At the MK Session, the Ministry of Defense Denies that Military Trials are Not Transparent
JAKARTA - The Ministry of Defense (Moeldoko) has denied the argument of the applicant for a test of the material of Law Number 31 of 1997 concerning Military Justice in the Constitutional Court which states that trials in military courts do not have guarantees of objectivity and transparency.
Director General of Defense Forces of the Ministry of Defense Haris Haryanto in the continuation of case number 260/PUU-XXIII/2025 said that the trial in the military court was supervised by external supervisors.
"The process in the military court is also open, the trial in the military court is monitored and supervised by the Supreme Court Supervisory Board and the Judicial Commission, just like the general court which also receives supervision from both institutions," said Haris when delivering the government statement reported by ANTARA, Thursday, February 12.
According to him, if there are deviations in trials in the military justice system, of course it will be the object of examination by the Bawas MA and KY.
During the trial, the Ministry of Defense denied all the arguments of the applicants, Lenny Damanik and Eva Meliani Br. Pasaribu, among which tested the heart of the Military Justice Law, namely Article 9 paragraph 1.
The Ministry of Defense basically stated that the military justice system was not in conflict with the constitution. It was said that Article 24 paragraph (2) of the Indonesian Constitution had confirmed the position of military justice as one of the judicial environments under the Constitutional Court.
"This confession shows that the constitution-makers from the beginning realized the need for a judicial system as a sub-judicial power of the Constitutional Court for the military," he said.
Unlike the views of the applicants, the Ministry of Defense said that Article 9 of the Military Justice Law, which regulates military courts, has the authority to try crimes committed by soldiers, does not violate the principle of equality before the law.
Haris explained that the article clearly adheres to subjective jurisdiction. This is because the jurisdiction of the court is determined by the status of the perpetrator as a soldier, not by the type of criminal act committed.
According to him, the principle of equality before the law does not negate the possibility of differences in legal treatment, as long as it is based on objective, rational, and proportional reasons.
"TNI soldiers have fundamentally different characteristics from civilians, both in terms of tasks, functions, and the value system inherent in them. Thus, the distinction of the court based on the status of military service is not a form of constitutional discrimination, but a justified differentiation," he said.

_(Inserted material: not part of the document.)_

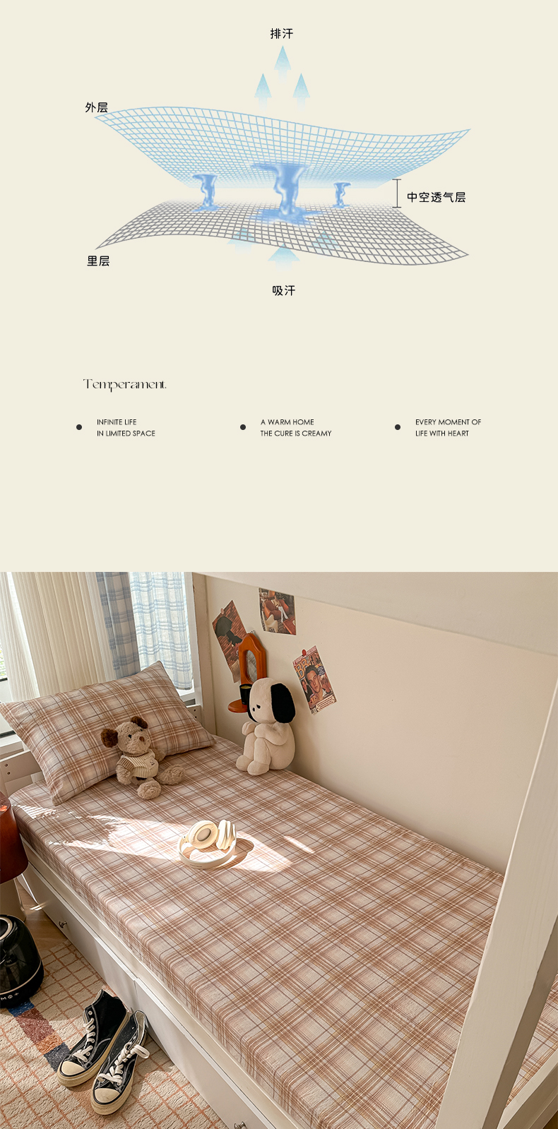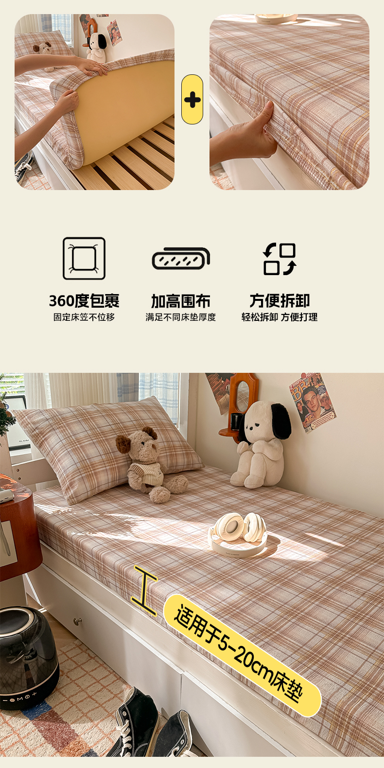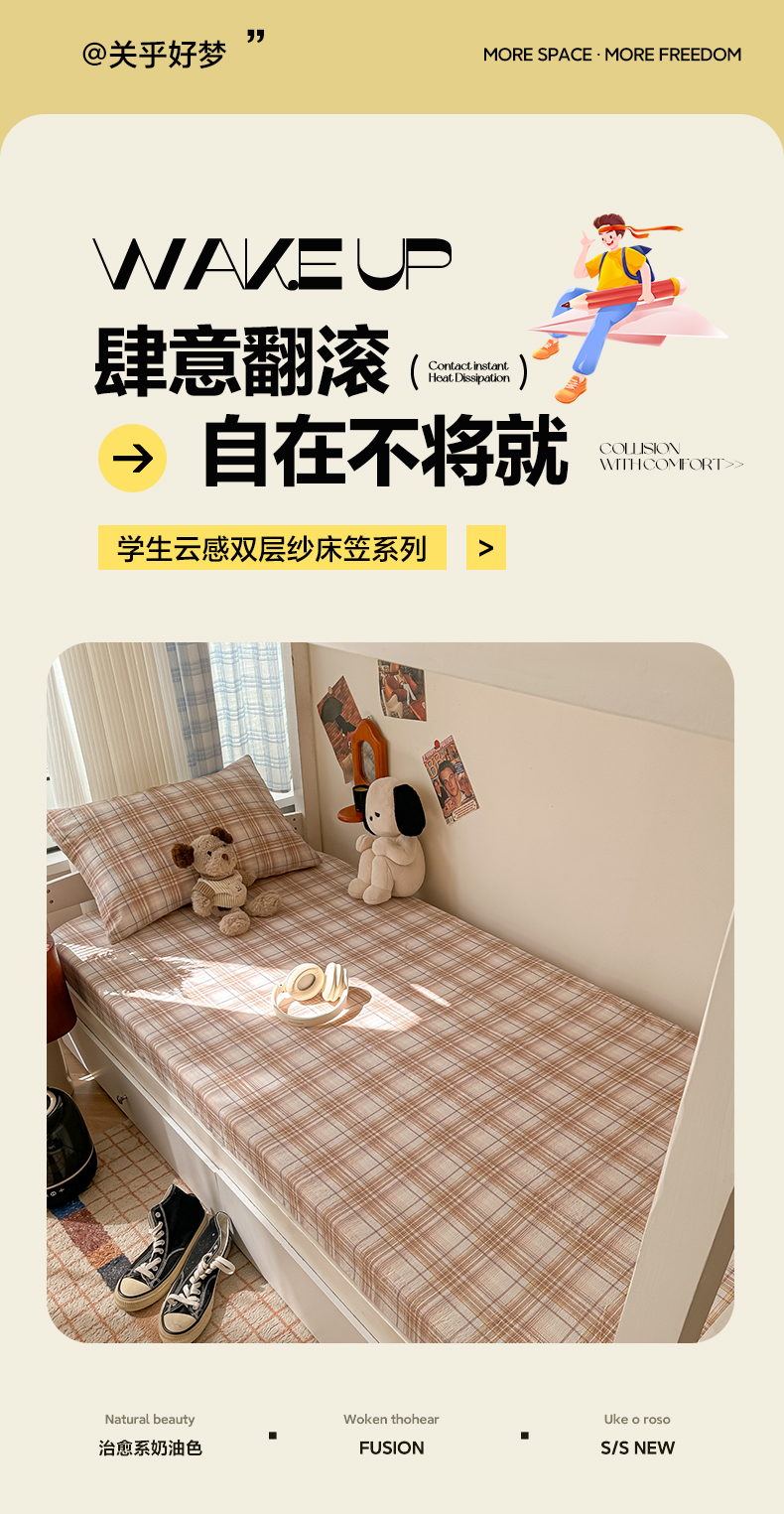 • 91家纺网 家纺一手货源 找家纺 韩巢家纺 2025新款上下铺双层纱学生宿舍寝室格子复古风床笠单件高低床防滑床单床套 鹿灵

This matter was filed by Lenny Damanik and Eva Meliani Br. Pasaribu. They tested Article 9 paragraph 1, Article 43 paragraph (3), and Article 127 of Law Number 31 of 1997 concerning Military Justice.
Lenny is the mother of Michael Hitson Sitanggang (15), a victim of abuse who was killed by Sertu Reza Pahlivi in May 2024; while Eva Pasaribu is the daughter of Rico Sempurna Pasaribu, a journalist who was killed along with his wife, children, and grandchildren because his house was burned after reporting on a gambling business allegedly run by a TNI soldier with the initials Koptu HB.
Lenny and Eva questioned the dominance of military judicial jurisdiction over general courts. In their petition, the applicants said that there had been a difference in the legal position of TNI members with other citizens.
They reasoned that when committing a criminal offense, citizens who are not TNI soldiers are tried in a general court, while TNI members are tried in a military court even though the criminal offense committed is both a general criminal offense.
"The criminal offense violated is the same, namely a general criminal offense, but the jurisdiction of the court that has the authority to try is different, the procedure is different, and the verdict is also very different," the applicants said, quoted from their application file.
In addition, they also reasoned that trials in public courts were held in public, could be attended and directly supervised by all parties, and the verdict could be easily accessed. However, this did not happen in the military court.
"On the contrary, the trial process against TNI members in military courts is carried out in a closed manner, with minimal supervision, and the decision on the case is more difficult to access," the applicants added.
Article 9, paragraph 1, is the heart of the Military Justice Law which regulates military courts with the authority to try criminal acts committed by soldiers.
The applicants specifically questioned the phrase "criminal offense". According to them, the phrase "criminal offense" opens up a wide opportunity for interpretation of the military court's authority.
This condition, according to the applicants, causes the military court to not only be able to try soldiers who commit military crimes and military disciplinary violations, but also to try general crimes such as corruption, traffic, and narcotics.
Therefore, Lenny and Eva asked the Constitutional Court to change the phrase "criminal act" in Article 9 paragraph 1 of the Military Justice Law into "military criminal act".